(Given information)
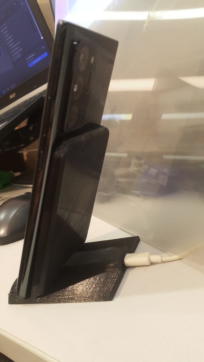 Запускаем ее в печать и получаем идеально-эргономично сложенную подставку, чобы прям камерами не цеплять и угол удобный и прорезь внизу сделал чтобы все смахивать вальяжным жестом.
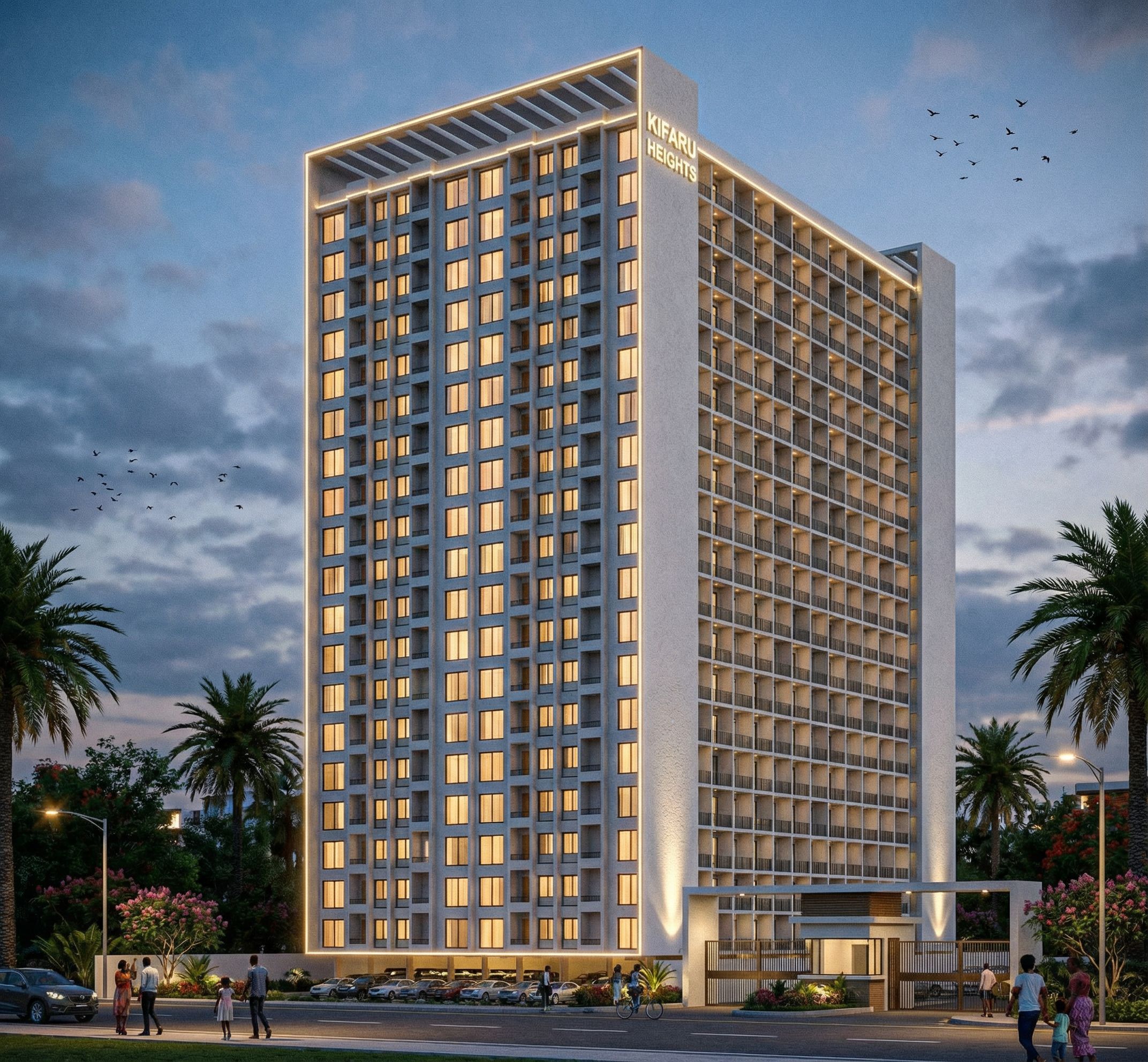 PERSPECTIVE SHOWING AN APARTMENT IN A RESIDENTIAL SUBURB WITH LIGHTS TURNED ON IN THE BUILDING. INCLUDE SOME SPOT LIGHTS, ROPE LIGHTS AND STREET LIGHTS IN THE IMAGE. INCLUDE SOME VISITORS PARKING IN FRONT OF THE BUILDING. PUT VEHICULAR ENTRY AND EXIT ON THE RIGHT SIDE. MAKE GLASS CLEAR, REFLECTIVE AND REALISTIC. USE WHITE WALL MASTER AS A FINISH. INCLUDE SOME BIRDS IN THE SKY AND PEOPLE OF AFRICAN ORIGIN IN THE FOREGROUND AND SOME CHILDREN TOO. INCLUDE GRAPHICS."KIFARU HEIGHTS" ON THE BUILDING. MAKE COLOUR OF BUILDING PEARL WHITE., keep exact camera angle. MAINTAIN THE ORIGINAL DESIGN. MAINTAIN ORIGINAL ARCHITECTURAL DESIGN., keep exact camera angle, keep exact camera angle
(End Given information)
(Given information)
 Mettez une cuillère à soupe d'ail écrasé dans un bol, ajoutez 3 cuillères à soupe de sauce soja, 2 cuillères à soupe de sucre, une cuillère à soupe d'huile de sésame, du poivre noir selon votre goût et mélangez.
(End Given information)
* **About this exercise**: Only one part of the listing is wanted: the lines from the one containing "Запускаем ее в" through the one containing "PERSPECTIVE SHOWING AN", both included. Please transcribe it exactly, leaving out the pictures.

* **Exercise output**:
 Запускаем ее в печать и получаем идеально-эргономично сложенную подставку, чобы прям камерами не цеплять и угол удобный и прорезь внизу сделал чтобы все смахивать вальяжным жестом.
 PERSPECTIVE SHOWING AN APARTMENT IN A RESIDENTIAL SUBURB WITH LIGHTS TURNED ON IN THE BUILDING. INCLUDE SOME SPOT LIGHTS, ROPE LIGHTS AND STREET LIGHTS IN THE IMAGE. INCLUDE SOME VISITORS PARKING IN FRONT OF THE BUILDING. PUT VEHICULAR ENTRY AND EXIT ON THE RIGHT SIDE. MAKE GLASS CLEAR, REFLECTIVE AND REALISTIC. USE WHITE WALL MASTER AS A FINISH. INCLUDE SOME BIRDS IN THE SKY AND PEOPLE OF AFRICAN ORIGIN IN THE FOREGROUND AND SOME CHILDREN TOO. INCLUDE GRAPHICS."KIFARU HEIGHTS" ON THE BUILDING. MAKE COLOUR OF BUILDING PEARL WHITE., keep exact camera angle. MAINTAIN THE ORIGINAL DESIGN. MAINTAIN ORIGINAL ARCHITECTURAL DESIGN., keep exact camera angle, keep exact camera angle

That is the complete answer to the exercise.